I have to change the script in rc.d to run the daemon as another user.

If I change owner:group in dlna:dlna for the directory /mnt/Media/Multimedia/Film the result doesn't change.

Where I'm wrong?


----------



## woodsb02 (Feb 1, 2015)

Referring to the provided minidlna.conf(5) man page, it does not mention the "user" option you are using. Are you sure that is a valid option for that file?

As you said, the rc script provided by the net/minidlna port hard codes the dlna user.

Have you checked the ownership of the database directory /var/db/minidlna?
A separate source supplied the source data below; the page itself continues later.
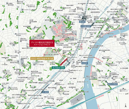 「プレミスト鶴見花月総持寺ステーションフロント」は、住宅と防災公園を一体的に整備する街区計画により、安心と緑豊かな住環境を提供します。
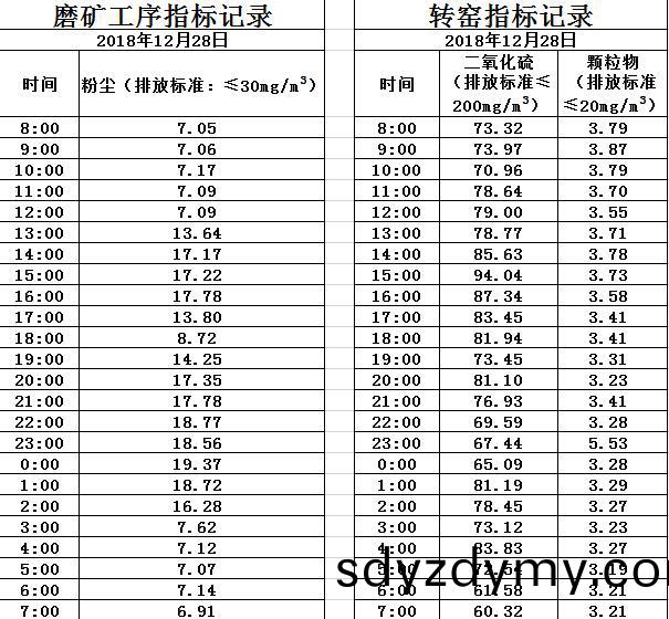 山東(dong)道(dao)恩(en)鈦業股(gu)份(fen)有(you)限(xian)公(gong)司(si)2018年(nian)12月28日磨鑛工序煙氣及(ji)轉窰煙氣指(zhi)標(biao)數據:山東(dong)道恩鈦業股份(fen)有限公司(si)2018年(nian)12月28日(ri)磨鑛工序煙(yan)氣及(ji)轉(zhuan)窰(yao)煙氣(qi)指(zhi)標(biao)數據:
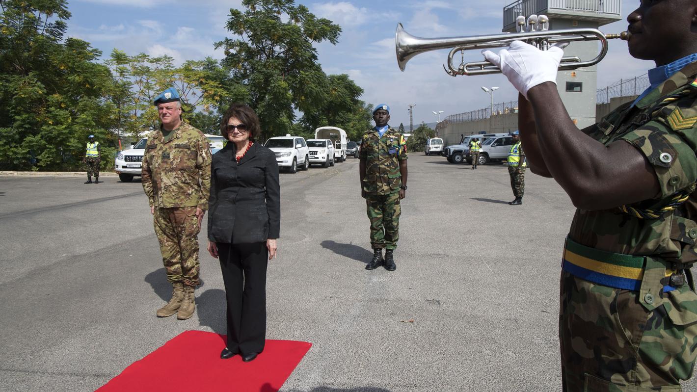 The United Nations Under-Secretary-General for Political and Peacebuilding Affairs, Rosemary DiCarlo, today paid a visit to the UNIFIL Headquarters in Naqoura, south Lebanon, and toured the Mission’s area of operations in order to see first-hand the work of UNIFIL in maintaining the cessation of hostilities and calm along the Blue Line.

I assume it will have to write to it as it is scanning.


----------



## woodsb02 (Feb 1, 2015)

Also, check what is on line 756 of the scanner.c code here:
https://github.com/1100101/minidlna/blob/master/scanner.c


----------



## Kenzo68 (Feb 1, 2015)

woodsb02 said:


> Referring to the provided minidlna.conf(5) man page, it does not mention the "user" option you are using. Are you sure that is a valid option for that file?
> 
> As you said, the rc script provided by the net/minidlna port hard codes the dlna user.
> 
> Have you checked the ownership of the database directory /var/db/minidlna? I assume it will have to write to it as it is scanning.



The last man page is for the ver. 1.0.25 and I'm using the 1.1.4_1,1; in the default  minidlna.conf

enzo@Joshua:/usr/local/etc % head minidlna.conf.sample
# port for HTTP (descriptions, SOAP, media transfer) traffic
port=8200

# specify the user account name or uid to run as
#user=jmaggard


So I think that i can use every user, like minidlna, nobody, ..., provided the necessary files have the correct rights; in any case the user option seems not to function.

The ownership of the db is the user that run the rescan and always the group wheel.
After the rescan, if I run the daemon as the user root or enzo i haven't any problem but if I run as the user dlna, obviously, in the minidlna.log I can read that daemon cannot access to the db.
Now, if i change the owner of db in dlna:wheel i can't see anything in the log, but the client can't play anything.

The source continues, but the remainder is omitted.